MATERIAL PROVIDED:
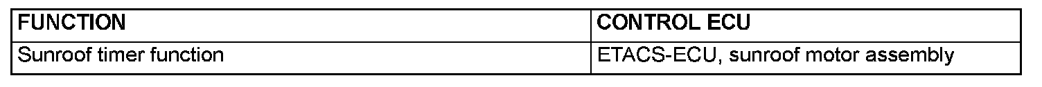 The ETACS-ECU enables opening and closing of the sunroof for 30 seconds after the ignition is switched off. During this timed operation, if the driver's door or passenger's door is opened, the sunroof timer function is deactivated from that moment.
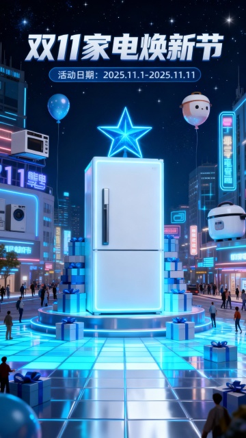 赛博朋克风3D场景,霓虹灯辉映未来都市,家电悬浮于梦幻光影中,金属质感与体积感交织,营造酷炫科技感促销氛围。
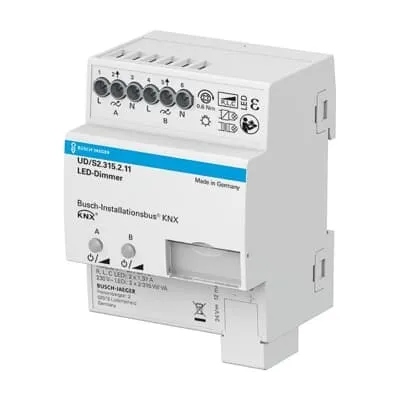 2CKA006197A0052 ABB: Multichannel universal dimming actuator optimised for dimming retrofit LED lamps (LEDi). Also suitable for dimming incandescent lamps, low-voltage halogen lights with conventional or electronic transformers, 230 V halogen lamps and dimmable energy-saving halogen lamps. Automatic load detection (can be deactivated). Separate N-connection per channel. Parallel connection of the outputs possible to increase the output power. Outputs can be connected in parallel in groups. Minimum load: 2 W. Manual operation on device also possible without bus voltage or in an unprogrammed status. Programming of the device also possible without applied 230V supply voltage. Extensive test and diagnosis functions for the i-Bus tool. Fast parameter setting in ETS using copyable channel templates. With integrated bus coupler. Nominal power at 230 V~ mains voltage: 230 V~ incandescent and halogen lamps: 2 x 315 W/VA to 1 x 500 W/VA. Dimmable 230 V~ LEDi: 2 x 315 W/VA to 1 x 500 W/VA in trailing edge control, 2 x 120 W/VA to 1 x 200 W/VA in leading edge control. Inductive L-transformers with LED/low-voltage halogen lamp: 2 x 315 W/VA to 1 x 500 W/VA.

EXERCISE DIRECTIONS: Once the images are set aside, retype all of the material above exactly.

ANSWER BELOW:
 The ETACS-ECU enables opening and closing of the sunroof for 30 seconds after the ignition is switched off. During this timed operation, if the driver's door or passenger's door is opened, the sunroof timer function is deactivated from that moment.
 赛博朋克风3D场景,霓虹灯辉映未来都市,家电悬浮于梦幻光影中,金属质感与体积感交织,营造酷炫科技感促销氛围。
 2CKA006197A0052 ABB: Multichannel universal dimming actuator optimised for dimming retrofit LED lamps (LEDi). Also suitable for dimming incandescent lamps, low-voltage halogen lights with conventional or electronic transformers, 230 V halogen lamps and dimmable energy-saving halogen lamps. Automatic load detection (can be deactivated). Separate N-connection per channel. Parallel connection of the outputs possible to increase the output power. Outputs can be connected in parallel in groups. Minimum load: 2 W. Manual operation on device also possible without bus voltage or in an unprogrammed status. Programming of the device also possible without applied 230V supply voltage. Extensive test and diagnosis functions for the i-Bus tool. Fast parameter setting in ETS using copyable channel templates. With integrated bus coupler. Nominal power at 230 V~ mains voltage: 230 V~ incandescent and halogen lamps: 2 x 315 W/VA to 1 x 500 W/VA. Dimmable 230 V~ LEDi: 2 x 315 W/VA to 1 x 500 W/VA in trailing edge control, 2 x 120 W/VA to 1 x 200 W/VA in leading edge control. Inductive L-transformers with LED/low-voltage halogen lamp: 2 x 315 W/VA to 1 x 500 W/VA.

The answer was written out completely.